Il Garante si dice indignato e addolorato per come il governo sta affrontando il problema delle politiche migratorie “In questa decisione del Governo, fortemente criticata anche dal mondo cattolico e dal volontariato, non si tiene in considerazione in primo luogo la sofferenza e la dignità di migliaia di persone disperate, a cui nonostante la sensibilità e l’attenzione delle forze dell’ordine e degli operatori che gestiscono i Centri, oggettivamente non è possibile garantire i diritti fondamentali”. Angiolo Marrioni ci conferma che le condizioni di vita all’interno dei centri sono inverosimili e ora, con i tempi che diventeranno più lunghi, la situazione potrà solo peggiorare o addirittura esplodere. “Non è questa un’operazione degna di un Paese civile come il nostro – continua il garante – trasformare dei disperati in detenuti senza diritti, senza assistenza e senza garanzie”.
Per il monsignor Giancarlo Perego, direttore della Fondazione Migrantes allungare i tempi di trattenimento dei Cie, “che non sono un luogo dove le persone vengono tutelate, significa esasperare maggiormente la situazione. Sappiamo che i Centri di Identificazione ed Espulsione sono un luogo di grande conflittualità, di violenza, di autolesionismo, perchè la persona non è tutelata”.

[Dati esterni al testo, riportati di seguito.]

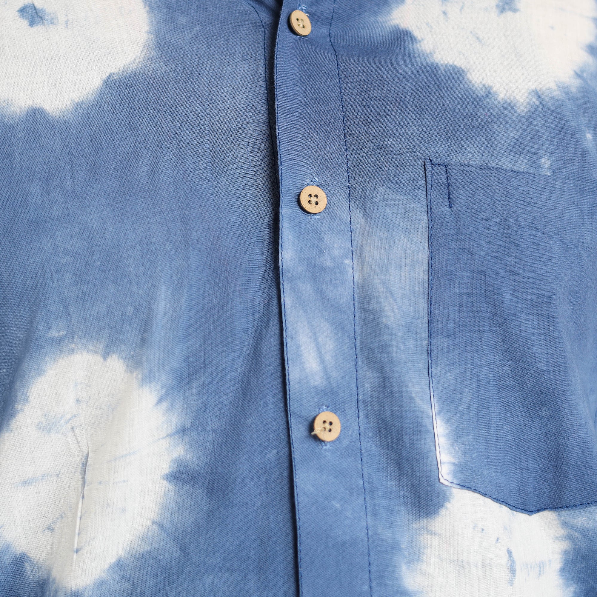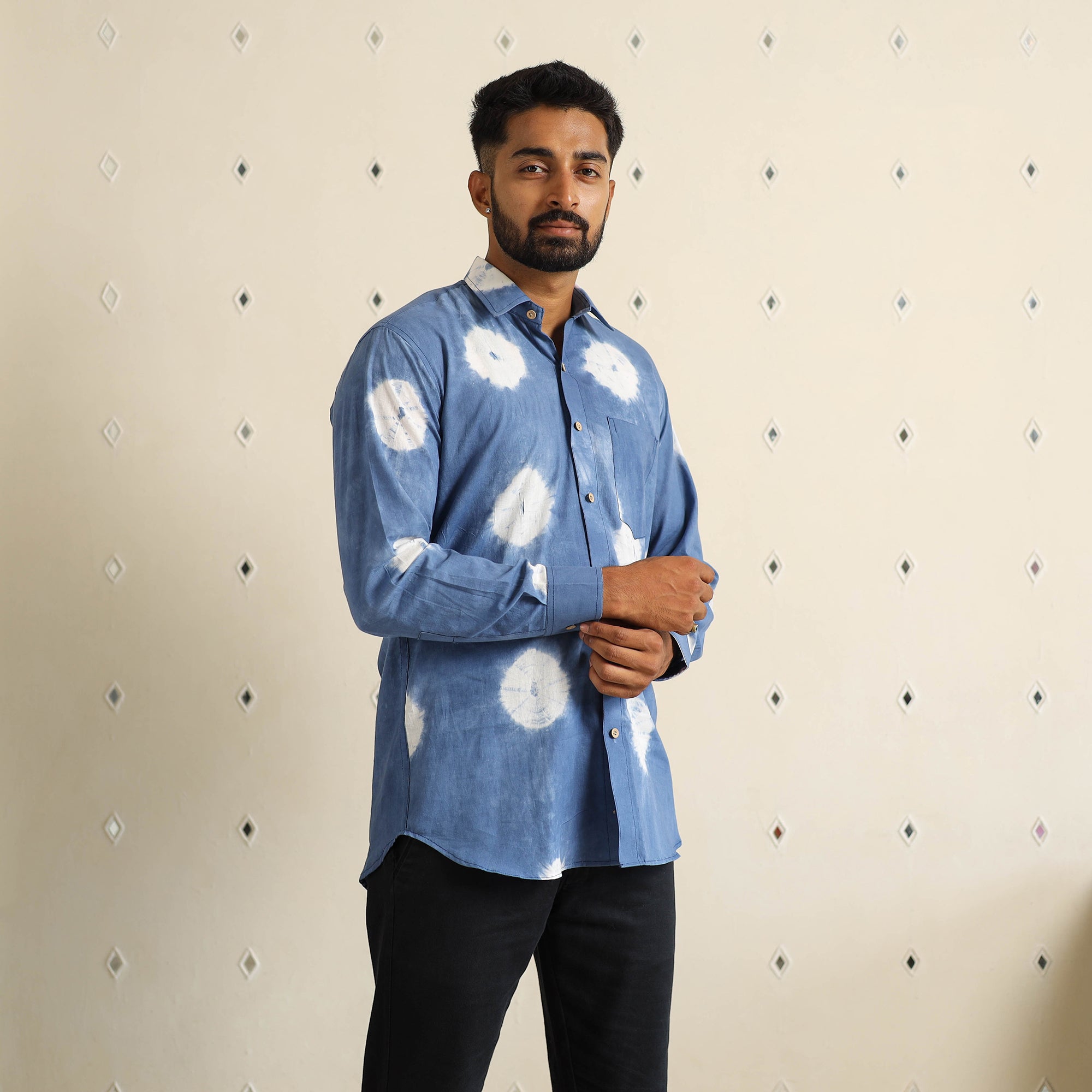 This blue full-sleeve shibori cotton men's shirt is hand-dyed using the traditional shibori technique, where the fabric is precisely folded, tied, and then dyed to create unique patterns. Made from soft, breathable cotton, it features full sleeves, a patch pocket, and wooden buttons that add a rustic touch. A perfect choice for relaxed weekends, casual outings, or everyday wear.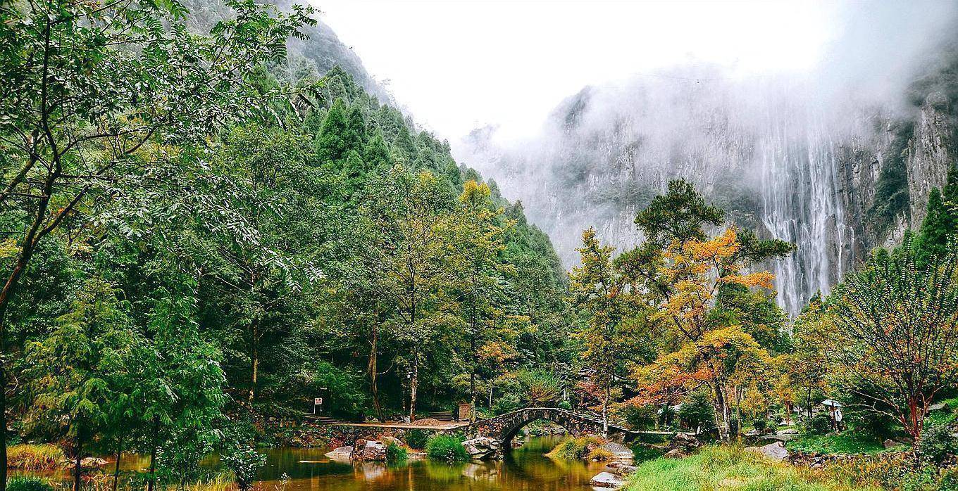 阔烈的水流似乎从天上直接倒下来一样,飞冲而下,却又悄然汇成一湾水潭,然后在接二连三的石头中,化为小溪静水深流,也不知是谁的奇思妙想,竟然在溪边建了凉亭、长廊、拱桥,再配上四季常青的植物,仿若苏州园林一般温婉细腻。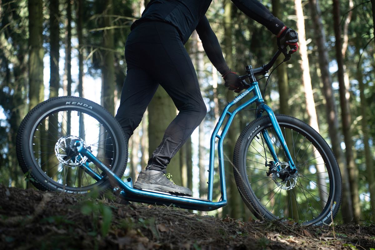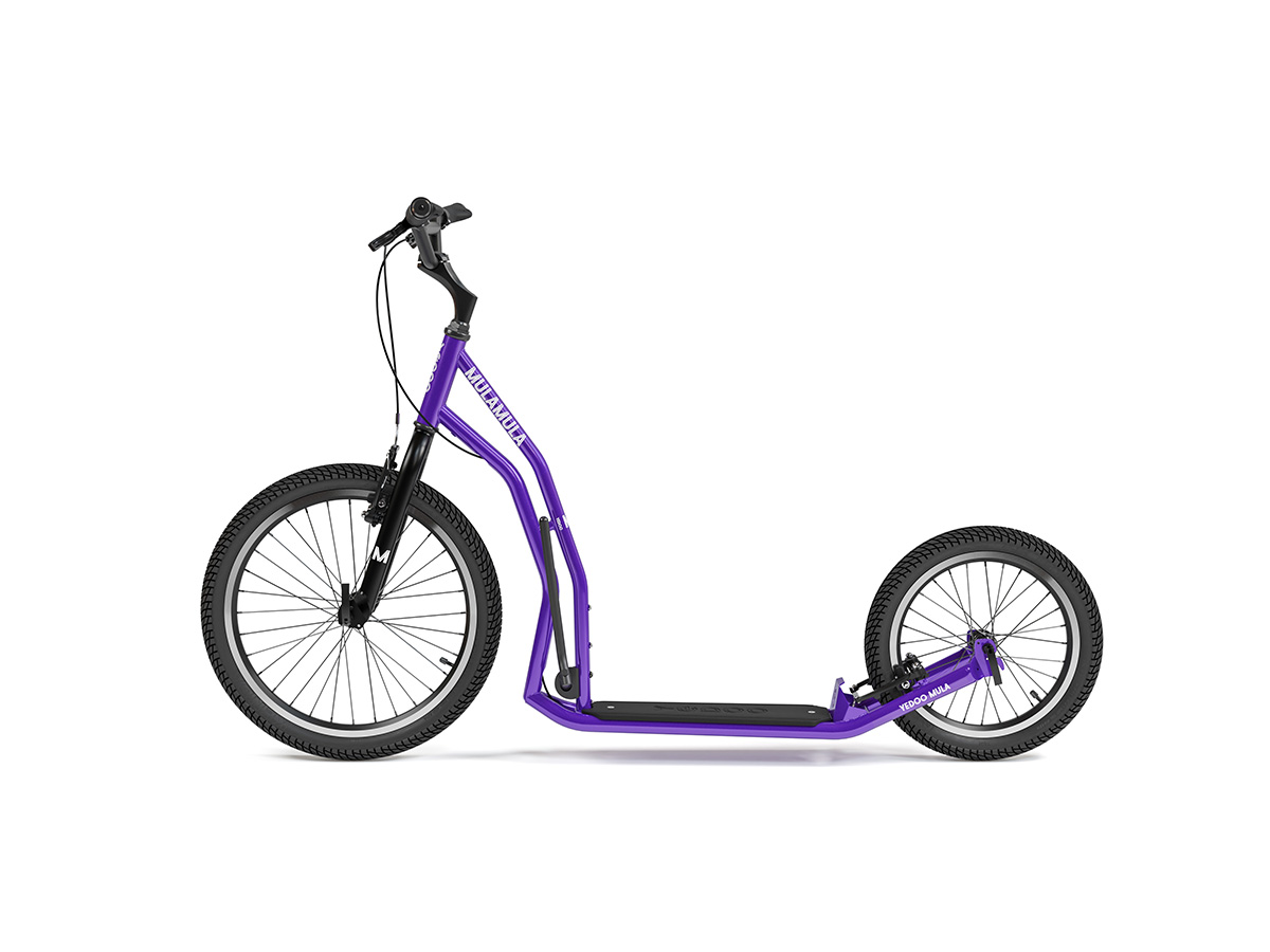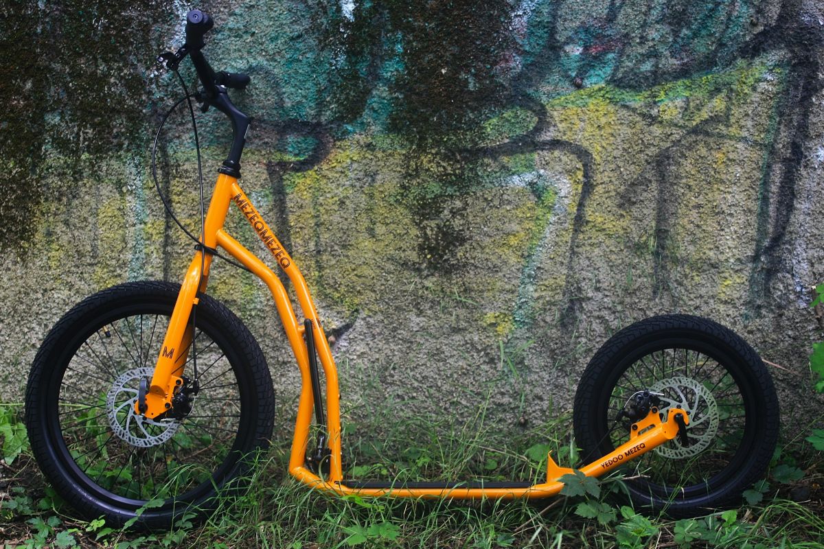 Yedoo Mezeq is a mid-size off-road scooter with disc brakes that can handle anything you throw at it. It has 20"/16" wheels, wider tyres, and a load capacity of up to 150 kg.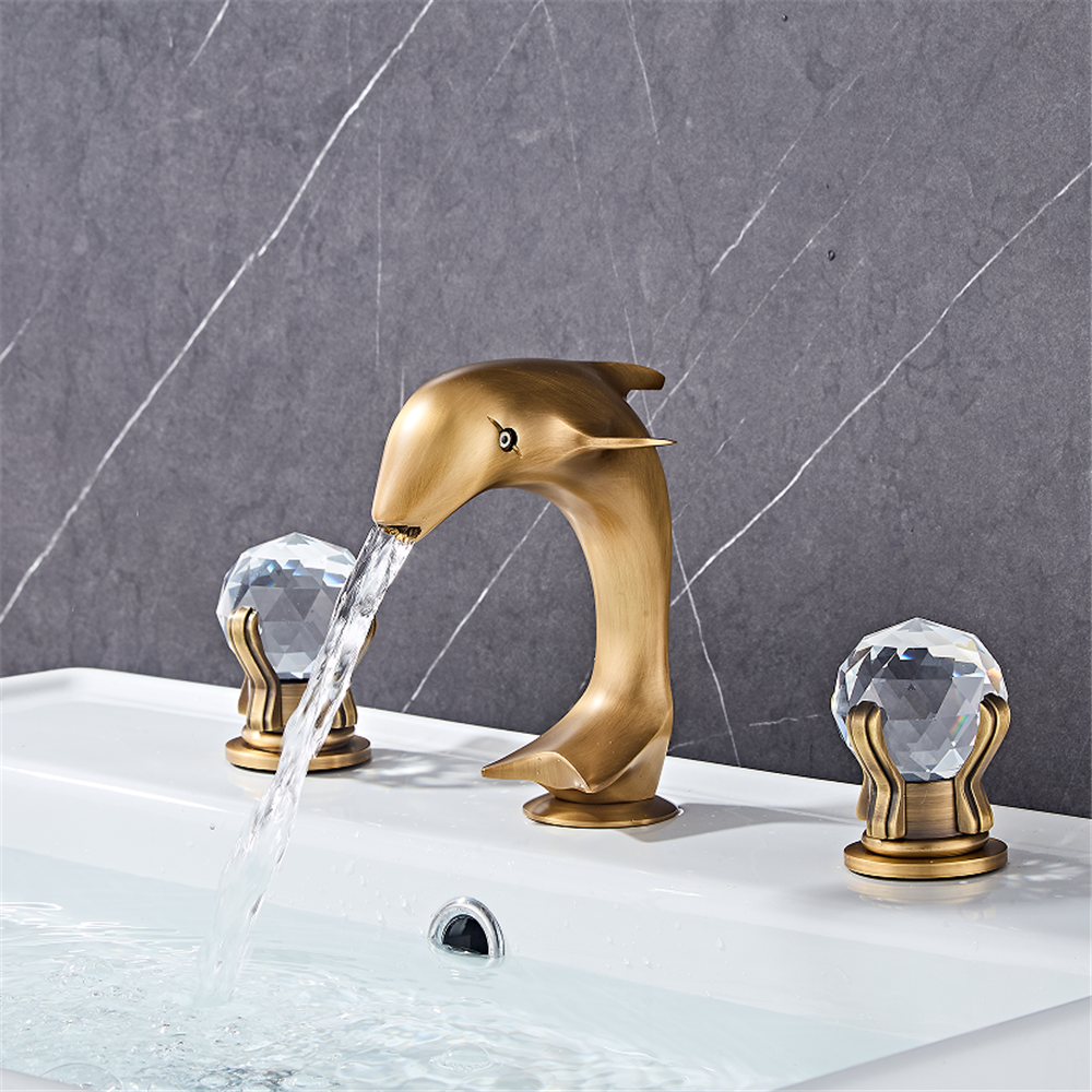 Designed for an 8-inch widespread mount, this faucet features dual handles for precise control of hot and cold water. The solid brass body ensures lasting durability, while the ceramic valve core guarantees smooth operation and prevents leaks. The classic dolphin shape adds a touch of playful luxury, making every wash a graceful experience. With its balanced design and easy deck-mounted installation, this piece fits seamlessly into any bathroom setting.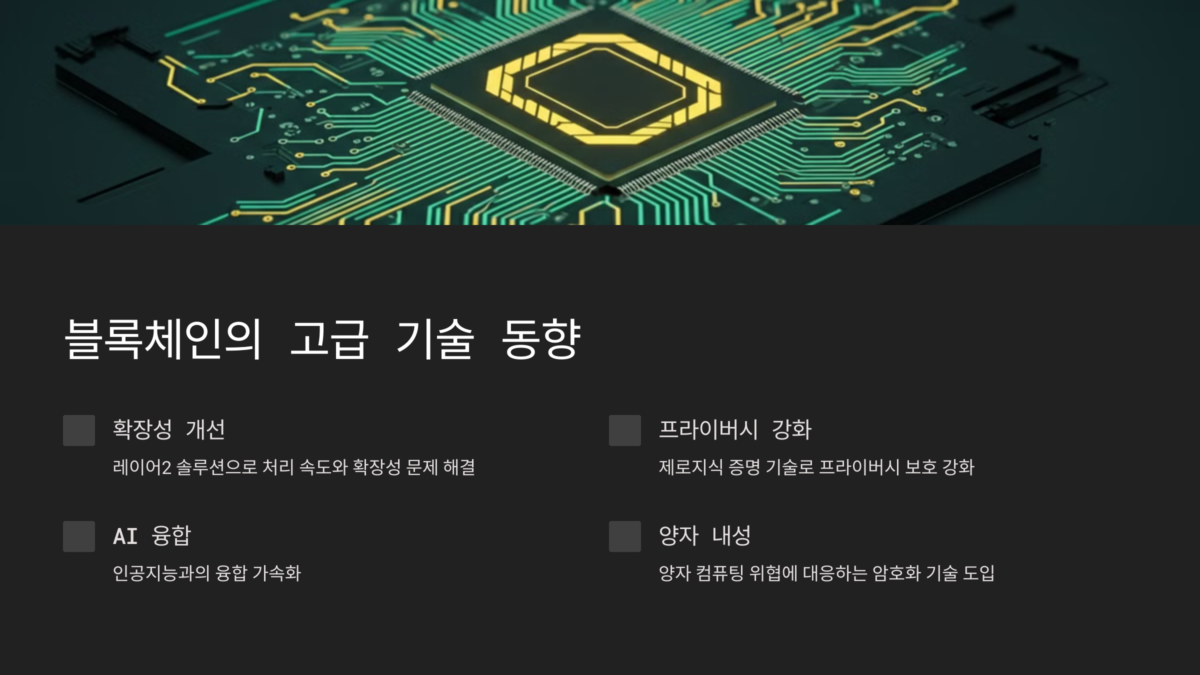 블록체인은 확장성과 상호운용성 측면에서 큰 진전을 이루고 있습니다. 레이어2 솔루션은 처리 속도와 확장성 문제를 해결하고 있습니다. 제로지식 증명 기술이 프라이버시 보호를 강화하고 있습니다. 인공지능의 최신 발전과 비즈니스 활용 방안에서 언급된 AI와의 융합도 가속화되고 있습니다.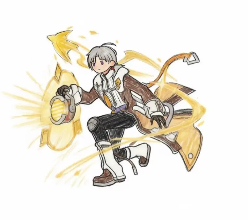 Юноша с короткими серыми волосами изображен в сильной, динамичной позе – словно в прыжке или стремительном рывке. Его куртка коричнево-белого цвета украшена будто меховыми или кожаными вставками, а вокруг персонажа парят золотые стрелы. В руках – фонарь Светоносцев. По слитым данным Иллуга – 4-звездочный Гео-копейщик, саппорт под Лунный кристалл.

Il 23 maggio del 2008 il Ministro Maroni cambiò nome a queste strutture nonostante il suo fine sia stato sempre lo stesso. In precedenza usava la parola “permanenza” (Centro Permanenza Temporanea), quasi a significare che fosse un soggiorno. Come se i migranti accolti nelle celle avessero un trattamento privilegiato. Invece, oggi ci troviamo davanti ad un progetto diretto di “identificazione ed espulsione” (CIE). Comunque si vogliano chiamare queste strutture, non sono altro che luoghi di detenzione adibiti per immigrati senza permesso di soggiorno. Sono veri e propri centri di reclusione dove gli “irregolari” vengono ammassati per lunghi mesi. Una sospensione della vita.
Nei Cie è praticamente negato l’accesso alle organizzazioni non governative e a tutti gli enti di tutela, a eccezione dell’UNHCR e della Caritas che sono comunque tenuti a presentare formale richiesta di autorizzazione. Anche giornalisti e parlamentari hanno spesso visto chiudersi la porta in faccia. Soprattutto in questi ultimi mesi, quando con una circolare silenziosa lanciata nel mese di aprile, si vietava alla stampa l’ingresso nei Cie e nei Centri di accoglienza per richiedenti asilo (Cara). Il pretesto per varare in poco tempo questa direttiva è lo stato di emergenza per gli sbarchi.
Amnesty International nel suo rapporto annuale del 2010, denunciava che “troppe volte i detenuti sono sistemati in container (come succede permanentemente a Torino) e in altri tipi di alloggi inadeguati a un soggiorno prolungato, esposti a temperature estreme, in condizioni di sovraffollamento. Alcuni centri hanno uno spazio aperto troppo ristretto, quando non manca del tutto”. Un altro comunicato di Amnesty parlava di condizioni igieniche carenti, cibo scadente e soprattutto di mancate forniture di vestiti puliti, biancheria, lenzuola.
Esprimono preoccupazione anche Medici Senza frontiere che chiedono “la chiusura di due centri dove abbiamo riscontrato condizioni di detenzione intollerabili”. Si tratta dei centri siciliani di Kinisia e Palazzo San Gervasio. “Le persone dormono dentro tende e i servizi medici sono insufficienti – dice l’associazione – A Kinisia manca l’elettricità e l’accesso all’acqua è saltuario”. In due precedenti rapporti (2004-2010), Medici Senza frontiere, aveva denunciato le “conseguenze disastrose” sulla salute fisica e mentale delle condizioni di detenzione dei Cie di tutta l’Italia.